Unfortunately, the slippery slope exists, and this phenomenon proves it. Sure, if there were other footage that would accomplish the same goal as that train wreck, there would nothing wrong with the “Bird Box” producers using that instead in consideration of the victims and family in the small Canadian town. There is a lot wrong with establishing the oppressive ethical principle, however, that anyone’s bad associations with an image or event gives them moral authority to demand its removal reference and memory for everyone else.

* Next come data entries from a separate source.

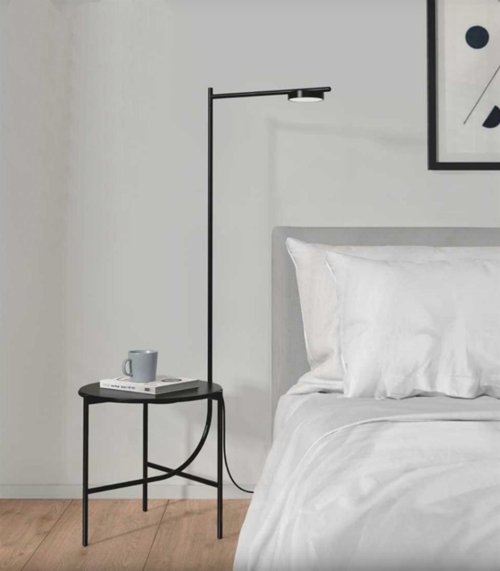 De Igram vloerlamp en tafel hebben een slim en uiterst functioneel ontwerp dat op veel verschillende plaatsen in huis en in hotels kan worden gebruikt.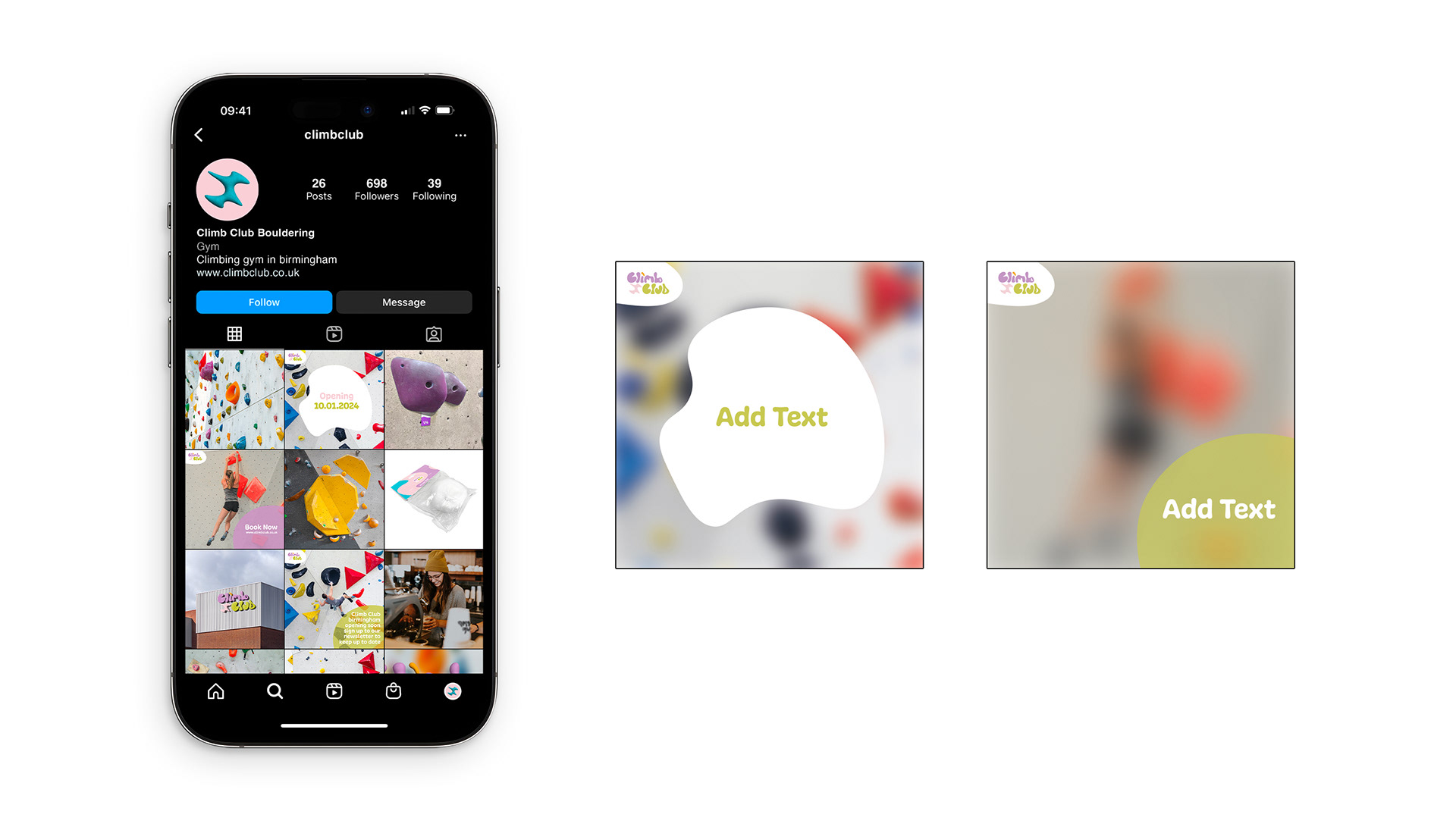Climb Club is a cutting-edge bouldering gym set to make its mark in the heart of Birmingham. Beyond being a mere fitness destination, Climb Club envisions itself as a vibrant community hotspot, poised to redefine the bouldering scene. They wanted their branding to be a vibrant expression of the values they hold dear, branding that echoes the spirit of fun and inclusivity. Climb Club is unlocking a world of possibilities for everyone, from seasoned climbers to beginners exploring the joys of bouldering, fostering a community united by the shared passion for this awesome sport.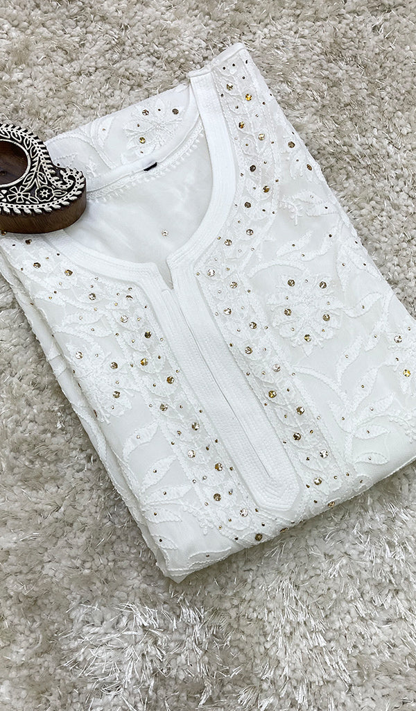 将图像加载到图库查看器中, Women's Lakhnavi Handcrafted Viscose Georgette Chikankari Kurti- HONC0161859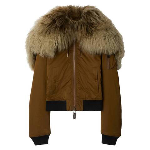 Burberry Ladies Outerwear. Fashion category: Coats & Jackets. SKU: 8097471. Color: Bison. Burberry Slim-Fit Padded Bomber Jacket. This slim-fit bomber jacket is crafted in Italy from washed nylon-blend satin. The quilted design features an oversized hood with sheepskin lining and a leather insert with the B Shield motif. Adjustable zippers on the sleeves and hood allow you to customize the silhouette. It includes a double-slider zipper closure, side welt pockets with snap closures and a zipper pocket on the sleeve. Outer: 58% polyester, 42% polyamide. Made in Italy.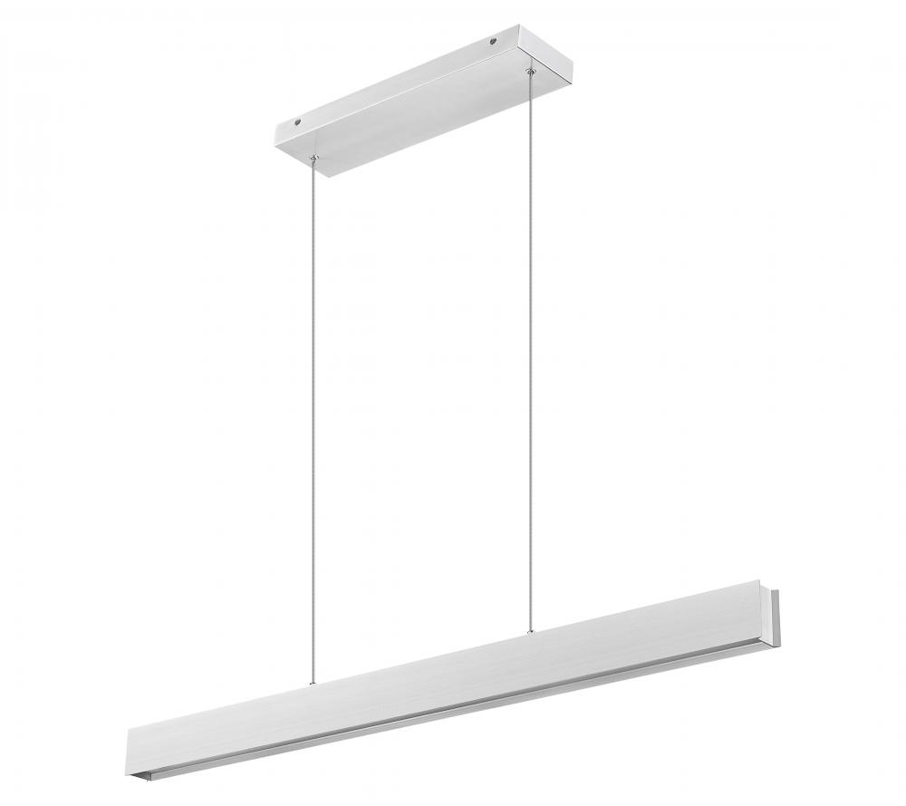 Put finishing touches on your kitchen or game room with a modern linear LED chandelier. Its a sleek, refined design with clean lines and a brushed nickel finish aluminum framework. Integrated LED lighting sits behind a frosted diffuser, adding dimmability and five light color selections for optimal versatility in your modern home.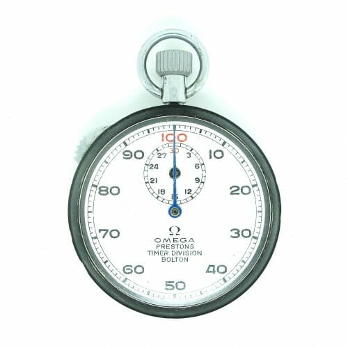 Omega decimal timer for Prestons timer division in Bolton. Slide action start with button re set, black anodized case.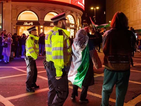 Palestine protesters from a range of groups, most notably Palestine Pulse block Piccadilly Circus on Black Friday, London, UK, 28 November 2025, Credit:Alex Day / Avalon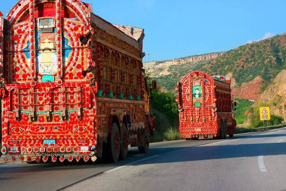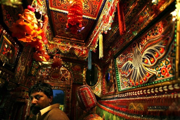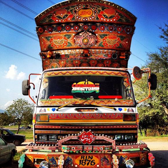将交通工具绘满各色图案是巴基斯坦人骨子里的热情外露,如今它已经变为一种特殊巴基斯坦民族艺术。每一辆车都精心装饰,像是创造一个移动的家,“一生中大部分时间都在驾驶室度过,所以当然要把它装饰得漂漂亮亮”,长途卡车车主们这样说。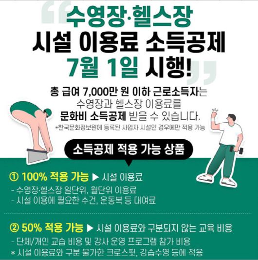 [이데일리 김미경 기자] 문화체육관광부는 한국문화정보원과 함께 7월 1일부터 전국 1000여 개 헬스장·수영장 시설이용료에 대해 소득공제를 받을 수 있게 된다고 30일 밝혔다.

11 thoughts on “Demanding Blindfolds

  1. Yeah, any kind of art should not be forcibly changed for viewers’ hang ups. I do not want the opening/closing credits for Barney Miller changed, despite the poignancy of the twin towers. They were part and parcel of that era and we have no right to remove what was. However, I think discreet style parental warnings are fine. A warning of non-con may ‘spoil’ the story for some, but it warns the sensitive to stay away without compromising the story details. That way I can avoid violent abuse and read their other works. And the artist can do whatever they want. (I will say I’m a little sad when a writer I like does, but we each make our decisions)

  2. I’ve got to say that there have been some fairly traumatic events in my life that I don’t WANT to forget. I have learned some valuable lessons from them, like war is not glorious, just bloody. Other things like that. In my 73 years, I have lived through several of these, and I would not trade the experience for a world of “safety”.

  3. It seems like they watched the movie but missed the point… The movie portrays a hellish existence in which people are constantly triggered by what they see, so they literally walk around blindfolded…. It’s a giant warning against PC culture, they are representing the end stage. Asking them to remove the scene would actually be decent performance art, but I can’t imagine they are Marie-Claude Arguin is making art here…

    • You want a GIANT warning against PC culture?

      If you haven’t already seen it, watch PCU, which according to one reviewer represents “an exaggerated view of contemporary college life….”

      The real warning? It was released a quarter of a century ago!

  4. First they came for what I read. Since I didn’t read, there was no loss.
    Next they came for what I saw. Since what I saw made me feel unsafe, I did not care.
    Next they came for what I think. Since I didn’t think for myself, there was no loss.
    Finally, they came for me. For no reason other than there was nothing left to take.